Nuclear Elephant writes "After four months of development DSPAM v3.2 has been released, bringing many new enhancements and filtering technologies. These include distributed computing support, implementation of Bill Yerazunis' Sparse Binary Polynomial Hashing algorithm (from CRM114), and v1.2 of Bayesian Noise Reduction. Other enhancements include SQLite support and many significant performance enhancements for PostgreSQL. DSPAM's official release is next week, but you can download the preview release now. Users of the project have also contributed towards creating a new logo for this release."

36 of 157 comments (clear)

  1. DSpam with qmail / vpopmail by hayds · · Score: 4, Interesting

    I am using D-Spam on a qmail/vpopmail server and I find that its great in terms of accuracy. Most of my users have never had a false positive and many havent seen a spam after a couple of weeks of training.

    The problem that I have with DSpam is the integration side. Im not sure how it goes with other mail systems but integrating it with vpopmail was a major pain. It seems easy, you just put the command in the dotfiles, but in practice getting it to work was quite a trial. Even now it doesnt integrate properly with the web administration, etc despite some scripting and minor code changes.

    Because of this Ive been thinking of switching to Spam Assassin simply because of its integration with qmail-scanner. Has anyone else had similar problems or been in a similar situation and found a good solution?

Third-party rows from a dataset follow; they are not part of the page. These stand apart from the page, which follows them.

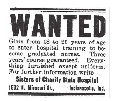
Figure 1. Newspaper Advertisements for Nurse Training Schools<sup>150</sup>

Although hospitals were the site of formal training, they were not a major source of employment for the graduate nurses. Many hospitals, staffed mostly by student nurses, employed trained nurses only for supervision or teaching. Student nurses, as exploited labor, carried the bulk of work in both white and black hospitals. In 1910, City Hospital
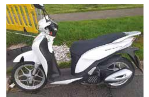
down on this anti-social behaviour and would urge anyone with information about any illegal off-road vehicles to call 101."

"We are working with the police and council to crack
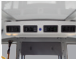
Up to 82K BTU A/C
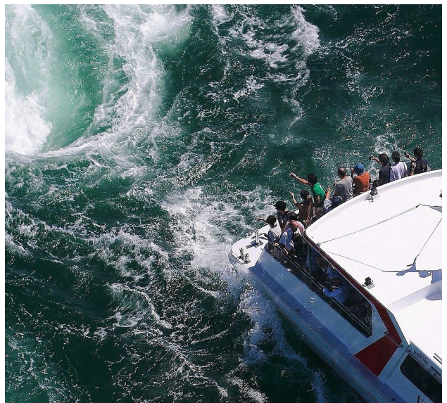
Naruto Bridge Cruise Ride | 大鸣桥游船之旅
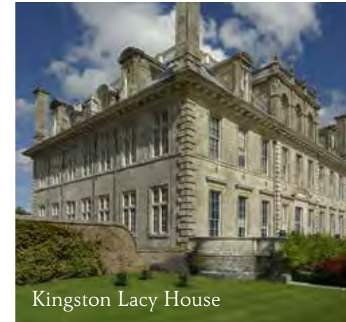
Kingston Lacy House
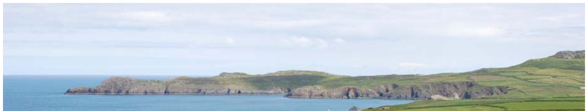
St David's Head looking across Whitesands Bay from Carn Rhosson
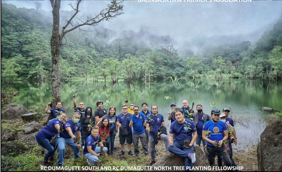
RC-DUMAGUETE SOUTH AND RC DUMAGUETE NORTH TREE PLANTING FELLOWSHIP
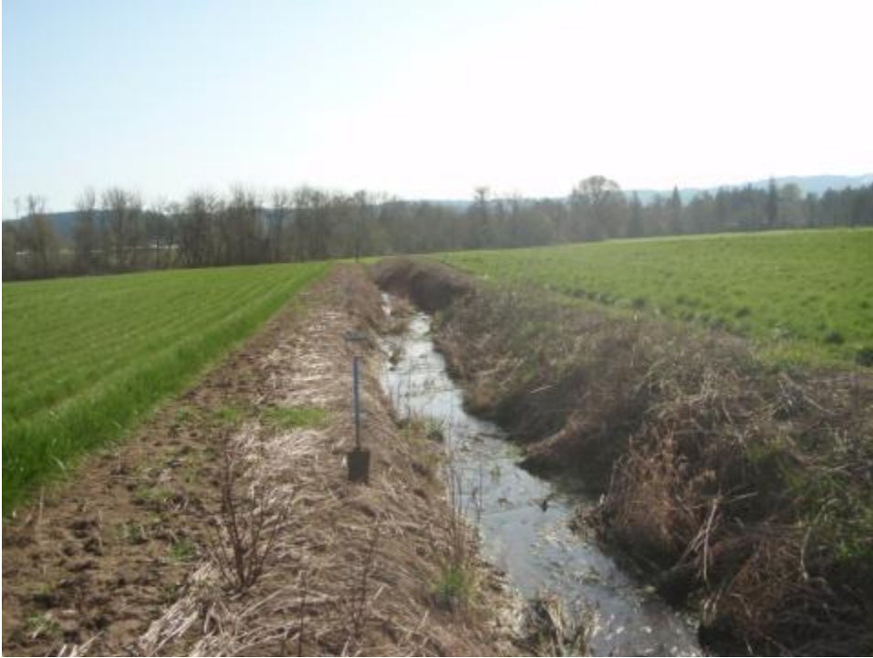
Photo Point 22- 8/2012- Central/western portion of east field before initiation of project.
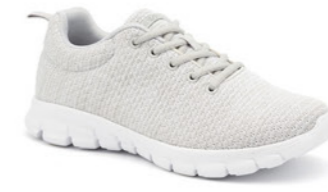
Kross Sport Silver WAS $119.95 NOW $101.95

    1. Re:DSpam with qmail / vpopmail by Inda · · Score: 3, Interesting

      I'll admit I don't really understand your post.

      All these new spam removal programs are all very well and good but from an end user's point of view, all I would like to know is:

      How long am I going to have to put up with emails like this?

      Hi. This is the qmail-send program at somewhere.com.
      I'm afraid I wasn't able to deliver your message to the following addresses.
      This is a permanent error; I've given up. Sorry it didn't work out.

      info@somewhere.com
      This address no longer accepts mail.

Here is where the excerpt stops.